I cut back on the cheap stuff from Hong Kong when they started making me sign for it.
I'm not home when the mail is delivered, so I have drive to the post office and stand in line to claim it.
It's a lot of hassle for a sub $2 item.

I've gotten some <$0.50 items (including shipping) from Meritline in the past.  :lol

RayB:

Unionized American postal worker: up to $25/hr
Chinese postal worker: Probably pennies.


zolveria:

Yes while a lot of electronic are cheap. One must be careful because many people do not know and purchase
toys and other items that they may use to put food and and end up killing themselves..
I also fall short of buying in CHINA a lot of my kids xbox.. tools electronic..
Hey America needs to keep the factory work here... but we are to expensive.. in the long run CHINA might end up
ruling us LMAO.. we are making them RICH/ :angry:

Howard_Casto:

Well I hate to say it, but in general at least, much of the stuff you buy in China is of a higher quality than similar products made completely in the US.  Again, it's just economics.  When you don't pay your workers as much and don't give them as good a health plan you can put more money into the actual product.  Also a lot of these "American" products are still made in China, they just get a fancy American name slapped on the front.  So buy buying the Chineese "knock-off" you are simply buying the exact same product without the fancy name and added cost of branding and tarriffs.
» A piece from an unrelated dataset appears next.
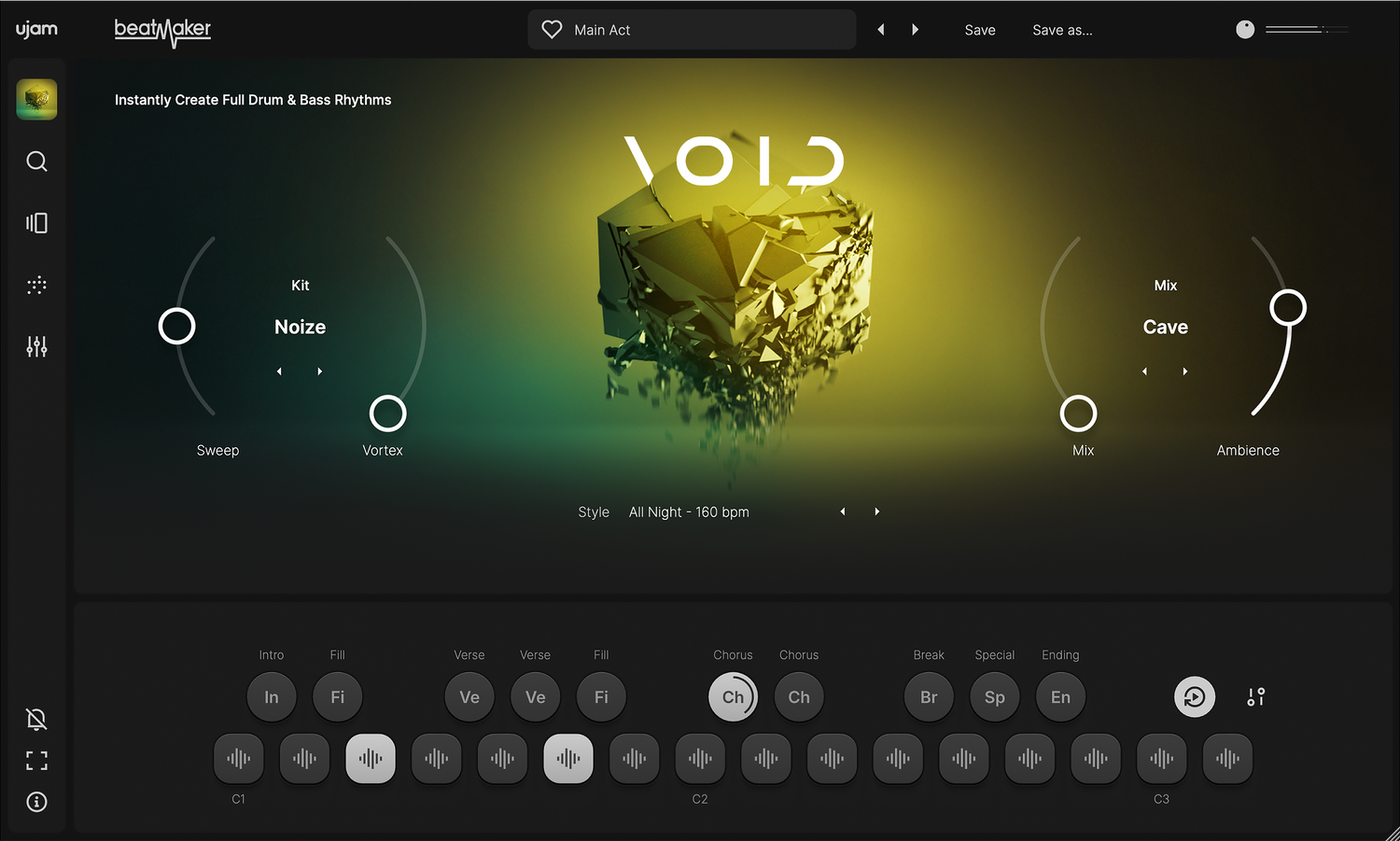 Hver Beatmaker kommer lastet med 10 sjanger-spesifikke trommesett, håndlaget for den stilen. Bare last inn et kit, så er du klar til å produsere med proff-kvalitet lyder.

On of these days the country is going to realise that our contries strong suit has always been invention and patents and try to help r&d firms and idea men instead of fighting a losing battle to keep factories open.  We could turn this whole boat around, we've just got to literally work smarter and not harder.

MonMotha:

Quite the contrary.  If you're going to bother paying US labor rates, you need to get something for it.  Generally, this means you need some sort of niche high-end labor that is difficult to find or manage in China.  The Chinese are getting better (quite rapidly), but the US, Western Europe, and Japan are still king when it comes to highly skilled labor in top of the line facilities.  Most of my high end tools and electronic test equipment really is made in the US, Japan, or Germany.  These are items that can easily run several kilodollars.  On a product like that, paying Ted $200 to get it all right the first time is cheaper than paying Xinhua 50c to flub it up repeatedly due to poor training and facilities resulting in a pissed off customer and several RMAs.  Now, again, the Chinese are getting better and better as their industry gets more advanced, but their labor rates for such advanced manufacturing aren't a ton better than those you find in the US.  All that training and QA equipment costs money.  Eventually, the actual time you pay somebody to sit in the chair and do the job becomes somewhat irrelevant.

Also, it may not be obvious, but volume production *is* a type of R&D.  You learn a *lot* about something when you try to make a million of them, and that information is not efficiently transferred from offshored manufacturing facilities back to the R&D department.  If you're doing something that needs minimal training, doesn't need high end equipment, and is in a very established field, you have little reason not to seek the cheapest possible labor costs, but if you're closer to the cutting edge, having a close link between manufacturing and R&D can be very valuable, perhaps more so than many managers realize.

I wouldn't advocate trying to make 10c electronic widgets in the USA, but I fail to see why we shouldn't be making high end microprocessors, for example.